Will have a look - it's an easy cure if that is the problem. I doubt it though, since a lot of people have reported the same experience. :? 

Dave


----------



## AberdeenAngus (Jul 26, 2008)

I think maybe it being new might be the problem.

It could be a bit of debris from the hose manufacturing process has blocked the jet partially.

I agree, Whip the jet out and give it a clean.
A single strand of wire from a piece of multistrand wire can be a useful jet cleaner outerer.

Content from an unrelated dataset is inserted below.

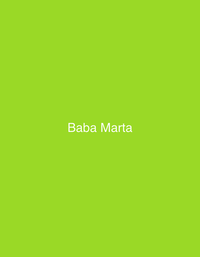 The image displays a solid lime green background. Centrally positioned, the white text "Baba Marta" is presented in a sans-serif font. This image is presented in the context of the city of Septemvri, Bulgaria. No individuals, specific objects beyond the text, actions, interactions, or environmental details are depicted.

We always used to use fuse wire but you don't see much of that these days.


----------



## Zebedee (Oct 3, 2007)

Jet whipped out and inspected as suggested.

Clean as a whistle.

Re-assembled with a smidge of PTFE.

Next suggestion please! :? :lol: :lol: :lol: 

Dave


----------



## mandyandandy (Oct 1, 2006)

You could always try someone else's whose does work fine on their system, that would tell you if it was the Cadac or your gas system that is at fault. 

Just something to try  

Ours can take a few minutes to warm up but once it gets going it's great. 

Mandy


----------



## Zebedee (Oct 3, 2007)

mandyandandy said:


> You could always try someone else's whose does work fine on their system . . .
> Mandy


I freely confess that I have been guilty of taking the wee wee out of feminine "so-called" logic many times, mostly with Mrs Zeb (_and I have the bruises to show for it_.) 

I sit here contrite and humble Mandy, thinking to myself, _"Why didn't I think of that . . . then that very nice and helpful female person wouldn't have made me look such a pillock!"_ 8O 8O :lol: :lol: :lol:

Where's me spade - I need to dig a hole! :roll:

Dave


----------



## spindrifter (Nov 14, 2006)

Hi Zebedee

I've been thinking (Oh that hurt!) Your gas supply is OK to other appliances in your MH.

You have fitted the appropriate sized copper tubing to your outside gas supply outlet.

3 metres of pipe to your Cadac is not a problem.

What's left?

The jet, although it looks OK could it be faulty? 

Or could it be the flow control valve that is not opening far enough to allow the correct gas flow to the burner head.

If you like, I could unscrew and send you my Cadac control unit (which works OK) for you to try - I won't be needing it for a couple of weeks

Just a thought.

Cheers

David


----------



## Zebedee (Oct 3, 2007)

Nice thought David, and much appreciated.

No surprise though . . . you are a member of MHF after all!     

You have a PM - or will have in a minute! :roll: 

Dave


----------



## spindrifter (Nov 14, 2006)

You have a PM.

Cheers

David


----------